Mr. Turner On Film – Chipping Away At The Art Biopic

With the opening of Mike Leigh’s film ‘Mr. Turner’, starring Timothy Spall as the great British painter Joseph Mallard William Turner, Artlyst turns its eye toward the art biopic. Considering the visual nature of art and film, one may think visual art a fitting topic for celluloid – or is experiencing the clichéd story arc of suffering for one’s art to become great like chipping away at a large block of marble?

Whether a great biopic or a terrible one; most fit a template based on a particular romantic cliché of a misunderstood genius, tortured by his or her need to create. The focus of all art biopics invariably rests on the character of the artist and negates any detailed summation of the art; an example of this would be the Merchant-Ivory drama ‘Surviving Picasso’ – with Anthony Hopkins’ shaved cranium shining at the camera – which tells the story of Francoise Gilot, the only lover of Pablo Picasso who was ‘strong enough to withstand his ferocious cruelty’. The focus of the film is not only on Picasso himself; but all the artworks that appear on film are in fact fictitious works; as any reproductions of Picasso’s artwork were not allowed to be used in the film – however, the estates of Henri Matisse and Georges Braque did allow their work to be represented – an art biopic without the art?

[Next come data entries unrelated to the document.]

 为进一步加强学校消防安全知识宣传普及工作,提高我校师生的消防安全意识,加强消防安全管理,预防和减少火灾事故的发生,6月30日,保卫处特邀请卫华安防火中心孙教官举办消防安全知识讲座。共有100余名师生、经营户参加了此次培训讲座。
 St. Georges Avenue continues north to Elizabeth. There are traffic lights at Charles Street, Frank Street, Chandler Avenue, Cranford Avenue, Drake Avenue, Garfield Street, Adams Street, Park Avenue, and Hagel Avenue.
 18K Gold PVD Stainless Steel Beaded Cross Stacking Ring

One wonders what the actual point is?

Having said this; it isn’t to say that all art biopics should be conservatively documentary in nature; one cannot help but smile at films such as ‘The Agony And The Ecstasy’, and ‘Lust For Life’ – where a muscled and butch Charlton Heston stands off against a slightly camp Rex Harrison, like two gun-slinger’s in a ‘art western’, or Kirk Douglas’ portrayal of a drooling, and drawling Vincent van Gogh. Both of which are rather wide of the mark but deeply entertaining. Just as I love to chuckle at David Bowie’s portrayal of Andy Warhol, alongside Dennis Hopper in the Julian Schnabel directed bio ‘Basquiat’. Such is the director’s inability to avoid his own ego; that Schnabel has the ever-intense Garry Oldman play his part in the proceedings; where Oldman portrays Schnabel as the great and wise benefactor; the only sane voice in the film.

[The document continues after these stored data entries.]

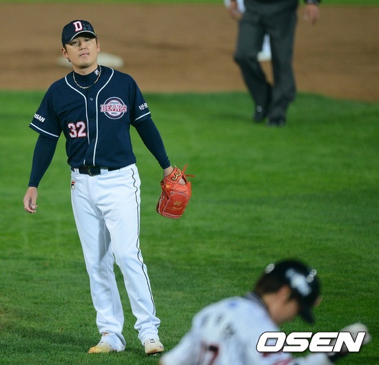 12일 오후 부산 사직구장에서 열린 2012 팔도프로야구 준플레이오프 4차전 두산 베어스와 롯데 자이언츠 경기, 4회말 2사 만루 두산 선발 김선우 용덕한의 투수앞 땅볼때 아웃처리 시키며 덕아웃을 향하고 있다.
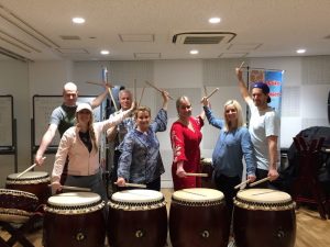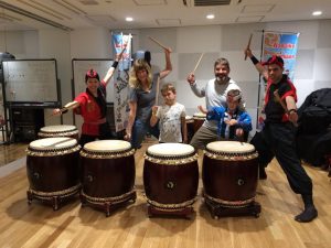 日曜の昼過ぎにアメリカから9名様和太鼓体験!
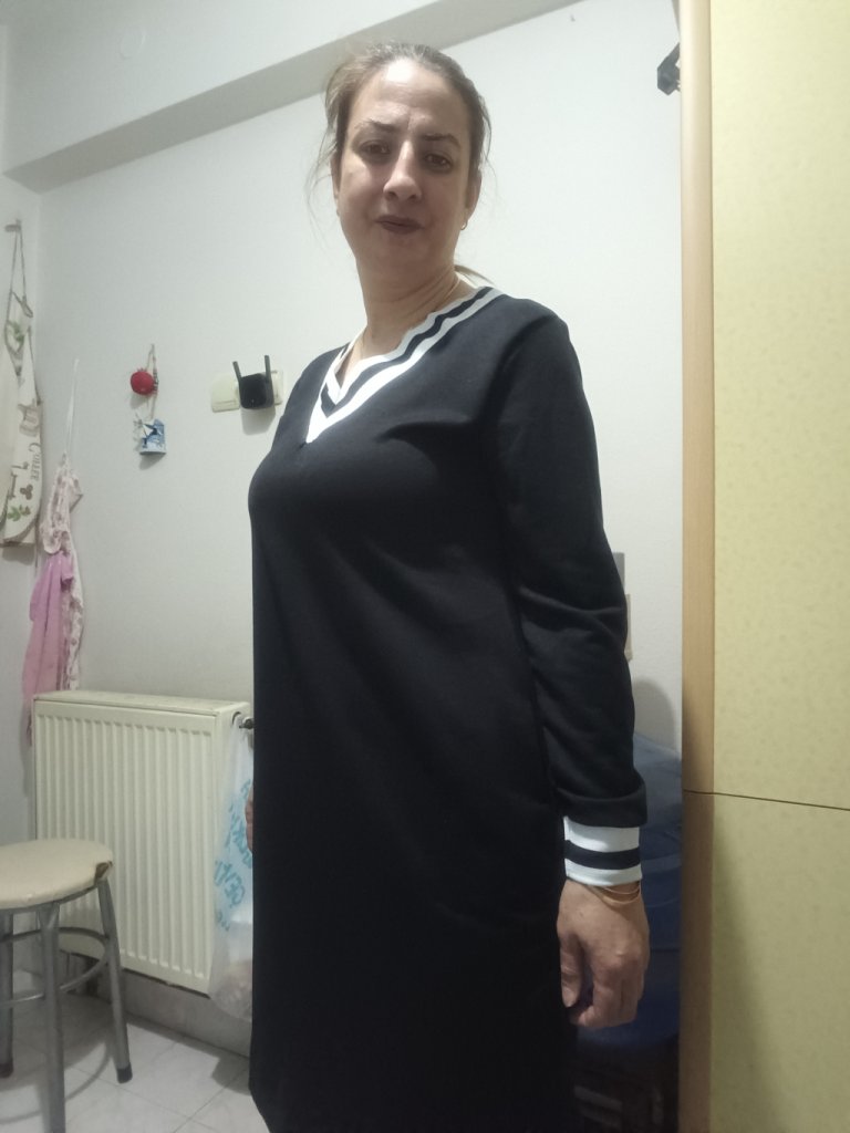 Kadın uzun kollu V yaka şeritli iki iplik salaş elbise

So sometimes the bending of the truth can lead to entertaining fare, or even farce, but surely this goes against the supposed nature of a biography? It could be argued that the truth of these artist’s lives are always subjective tales; sometimes entertaining – but also – it could be said; a little depressing on occasion. John Maybury’s film ‘Love Is the Devil: Study for a Portrait of Francis Bacon’ [gasp]; is a great film, and actually has a great performance by British thesp Derek Jacobi as the hard-boiled Francis Bacon. The biopic revolves around Bacon slowly torturing his lover, George Dyer, to death – metaphorically speaking, I think, considering the painter’s predilections – with a lisping Tilda Swinton as the dystopic Murial Belcher watching through the twisted lens of a champagne glass – yet this is also another film where the estate of the artist refused license to use images of actual paintings. A film about Francis Bacon without a Pope screaming from his entombed void hardly bares consideration?

It would seem that the art biopic is always guilty of a focus that entirely rests upon the artist as protagonist, and never the art. One of the best films about the artist’s grand endeavour is Andrei Tarkovsky’s utterly compelling ‘Andrei Rublev’, the irony of which is that the film is utter fiction; as little is actually known about the medieval painter’s life. The film begins with the artist’s period of exile from his own work and ends with his return to it. The complete lack of information allowed Tarkovsky the ultimate in artistic license, resulting in a masterful work on film.

And now we have Mike Leigh’s Mr Turner, which premiered at the Venice Film Festival to rave reviews. Its subject is the great British Romantic landscape artist, Joseph Mallard William Turner, focusing on the artist’s later work which transcended Romanticism and anticipated 20th-century abstraction.

Leigh’s film focuses on the final 25 years of Turner’s life, and the consequences of ruthless self-interest; artist as the central focus will always be the heart of the art biopic given our interest in the artist as romantic figure; artist as character, as hero, the central figure is always made of flesh, and never paint.